Bisnis Timah Akbar Kudai Tak Tersentuh Hukum, Ini Respons Dirtipidter Bareskrim Polri

banner 120x600
banner 468x60

PAPINKAPOST
‎BANGKA – Nama Akbar Kudai kembali menjadi sorotan setelah disebut sebagai salah satu pemain besar dalam bisnis timah di Kabupaten Bangka. Di tengah berbagai pemberitaan dan dugaan keterlibatannya dalam aktivitas pertambangan timah ilegal, hingga kini belum terlihat adanya proses hukum yang menyasar dirinya.

‎Menanggapi hal tersebut, Direktur Tindak Pidana Tertentu (Dirtipidter) Bareskrim Polri, Brigjen Pol. Mohammad Irhamni, mengaku heran apabila informasi yang beredar memang benar terjadi, namun belum ditindaklanjuti oleh aparat penegak hukum di daerah.
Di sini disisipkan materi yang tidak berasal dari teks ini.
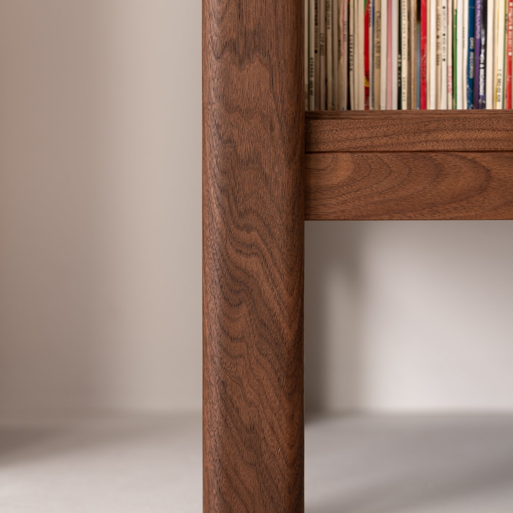 Supported by robust legs, the JAMM stand radiates a timeless charm and resilience. Constructed entirely from solid American walnut wood, it offers lasting durability and an enduring style.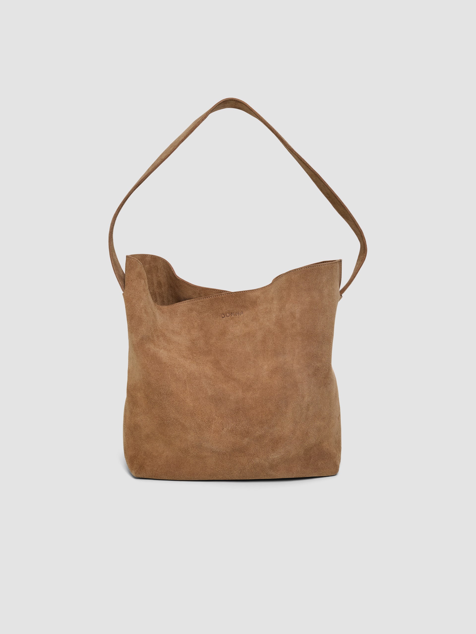 Romslig veske i mykt semsket skinn. Vesken er 15 cm dyp, 34 cm høy og 46 cm vid på toppen
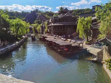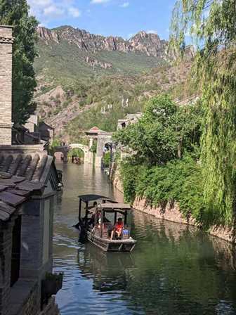 長城の上で一時間ぐらい見学し、歩いて下りて、また、ロープウェーで古北水鎮に戻りました。水鎮では民国風の建築物が多く、南方でよく見かける小さな船も多いです。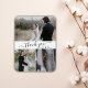 Elegant, Minimalist Hand Lettered Wedding Photo Thank You magnets. Stylish wedding thank you card template featuring three photo. With the text "Love and thanks" in a beautiful swirly hand lettered typography script font with swash or tails in black color on white background. Heart shape between the names. Easy to personalize the custom name and date. Pretty keepsake for your wedding guests. If You need help or matching item, please contact to designer!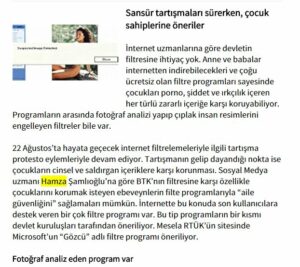 Gazete Vatan’ın “Devlet Filtresine Gerek Yok” başlıklı haberinde devlet sansürü ve çocukların İnternet dünyasından korunması ile ilgili olarak röportajıma ve görüşlerime yer verilmiştir.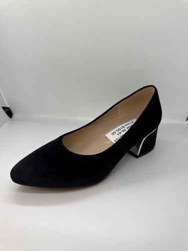 REBAJAS SP24 1936 Zapato Carla liso, tacón medio dorado, cubo (193622)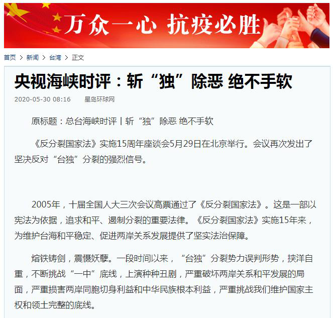总台海峡时评聚焦《反分裂国家法》实施15周年 抨击“台独”分裂势力引发海内外媒体广泛关注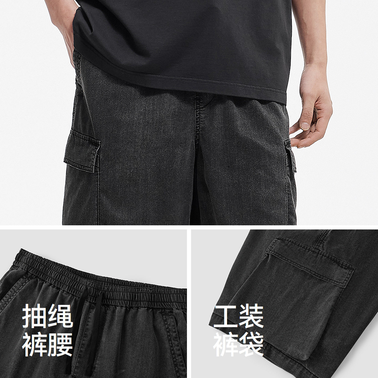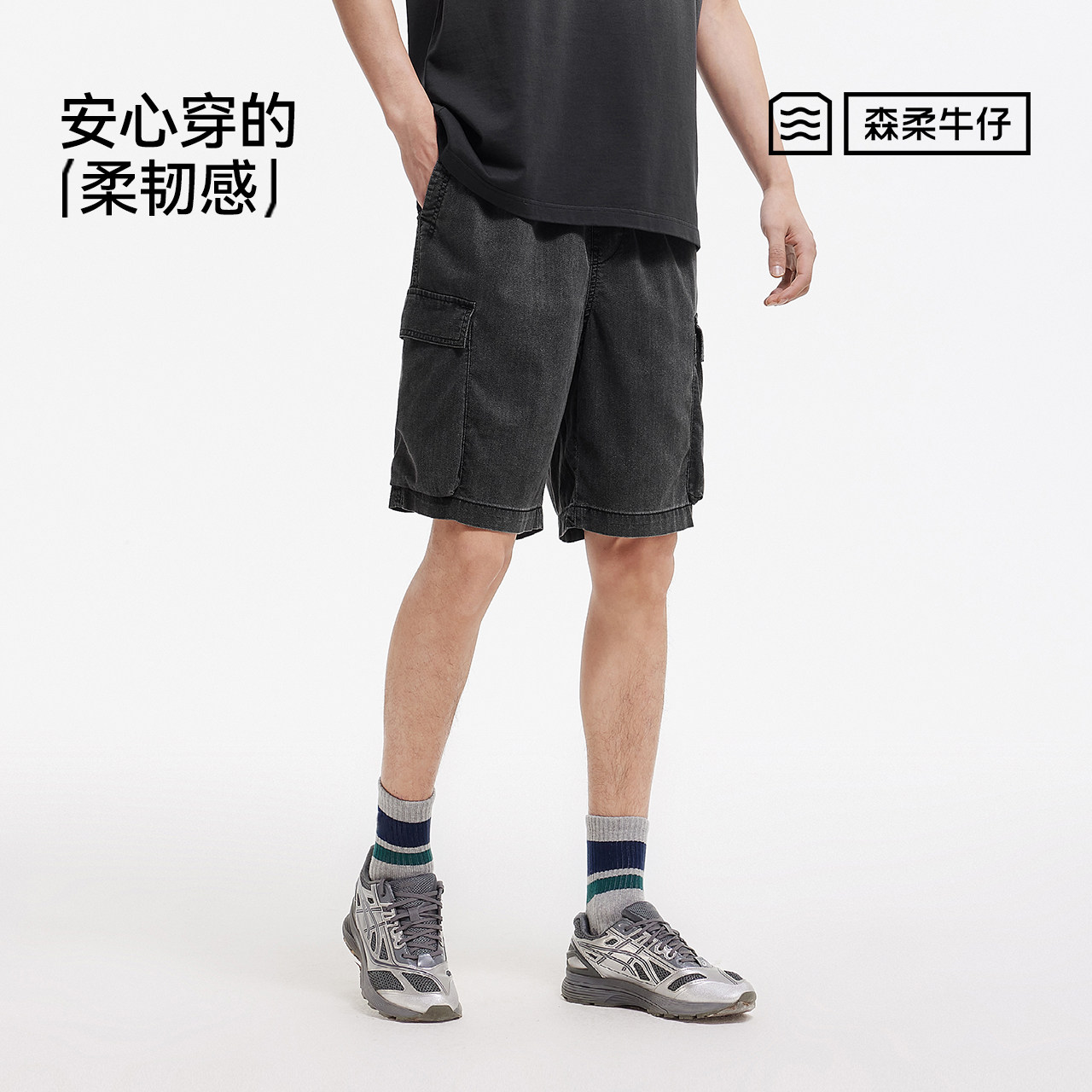 森柔|森马牛仔裤男夏季宽松直筒工装裤轻薄舒适裤子抽绳百搭短裤

‎”Sekarang bisnis si Akbar Kudai itu masih jalan tidak? Buat menangkap dia saya juga perlu alat bukti baru. Saya kira berita kalian itu baru, ternyata bukan,” kata Irhamni saat dikonfirmasi, Minggu (26/7/2026).»

‎Irhamni mempertanyakan mengapa konfirmasi justru ditujukan kepadanya, bukan kepada jajaran kepolisian di wilayah yang dinilai lebih mengetahui kondisi di lapangan.

‎”Kenapa kalian malah telepon saya, kenapa bukan telepon Kapolda atau Dirkrimsus Polda?” ujarnya.»

‎Meski demikian, Irhamni menegaskan akan segera menghubungi Direktur Reserse Kriminal Khusus (Dirkrimsus) Polda Kepulauan Bangka Belitung agar informasi tersebut mendapat perhatian.

‎”Ya sudah begini saja, saya telepon Dirkrimsus sekarang. Kalau memang mau menangkap Akbar tentu harus didukung alat bukti baru,” tegasnya.»

‎Soroti Penanganan Kasus 25 Ton Timah

‎Dalam kesempatan itu, Irhamni juga mengaku belum memperoleh informasi mengenai perkembangan perkara dugaan penyelundupan sekitar 25 ton pasir timah melalui Jeti Tuing yang sebelumnya ramai diberitakan.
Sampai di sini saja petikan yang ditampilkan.